The time price as fallen by 99.99993 percent
In 1917 helium was selling for $2,500 per cubic foot. Blue-collar hourly compensation (wages and benefits) was 29 cents per hour. This put the time price at 8,621 hours. Today you can buy a cubic foot for around 21 cents. With blue-collar hourly compensation at $34.76 today, a cubic foot will cost 0.006 hours or 22 seconds. The time price has fallen by 99.99993 percent. For the time it required to earn the money to buy one cubic foot in 1917, you get 1,426,929 cubic feet today.
Perhaps the most famous advertisment for helium today is the Goodyear blimp. There are actually four blimps in operation today manufactured by Germany's ZLT Zeppelin Luftschifftechnik company.
The airships are 246 feet long and 57 feet tall. They can travel 73 miles per hour with three engines and have seating capacity for 14 passengers. They weigh almost 10 tons when empty. The envelope volume is 297,527 cubic feet. At 21 cents per cubic foot, it costs around $62,480 to fill it with helium.
You can watch this two-minute time-lapse video on how these blimps are constructed.
We never know when a scarce resource can suddenly become abundant. If people are free to think and experiment and share their findings, we escape poverty.
We describe the process of transforming scarcities into abundances in our new book, Superabundance, available at Amazon.
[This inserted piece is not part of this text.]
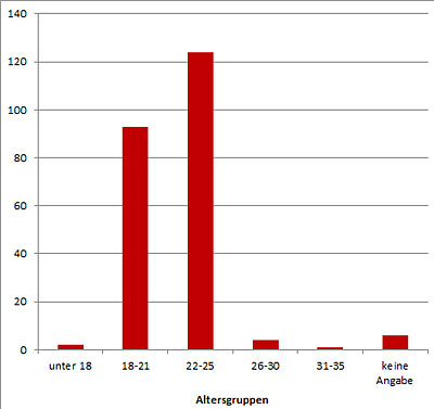 Diese Fragen standen im Mittelpunkt, als wir Ende 2014 eine entsprechende Untersuchung initiiert und mit einem 5-köpfigen Projektteam aus Studenten der Jacobs University Bremen durchgeführt haben. Rekrutiert wurden die Teilnehmer der Umfrage aus Studiengängen wie Business Administration, Wirtschaftswissenschaften, Mathematik, Chemie und Ingenieurswissenschaften vor allem über Facebook-Gruppen und persönliche Kontakte. Mit rund 60% stellten Frauen die etwas größere Teilnehmergruppe dar, das Alter der befragten Studenten lag – von wenigen Ausnahmen abgesehen – zwischen 18 und 25 Jahren (siehe Bild 1). Für die Umfrage hatten die Teilnehmerinnen und Teilnehmer 30 Fragen rund um das Thema Zukunftspläne und Beruf online zu beantworten. Am Ende haben 230 Bachelor- und Masterstudenten an mehr als einem Dutzend Universitäten in Deutschland und Großbritannien an der Untersuchung teilgenommen – mit zum Teil erstaunlichen Ergebnissen. So zeigen die Befragten, allesamt Repräsentanten der so genannten "Generation Y", zwar großes Interesse an Werten wie Selbstverwirklichung und sinnstiftender Tätigkeit. Aber nach dem Abschluss kennen die meisten vor allem ein Ziel: finanzielle Sicherheit durch einen gut bezahlten Job.

Jordan Peterson calls it a “profoundly optimistic book.” There has never been a better time to create more life.
Gale Pooley is a Senior Fellow at the Discovery Institute and a board member at Human Progress.
As you mention, many rockets, including SpaceX's Falcon 9, use Helium for pressurization. But newer designs, including SpaceX's Starship rocket, hope to eliminate its use and use autogenous pressurization instead.
In part, this is because the falling cost of rockets has magnified the relative cost of Helium. Just more evidence that progress reduces costs and solves the scarcity problem across many dimensions.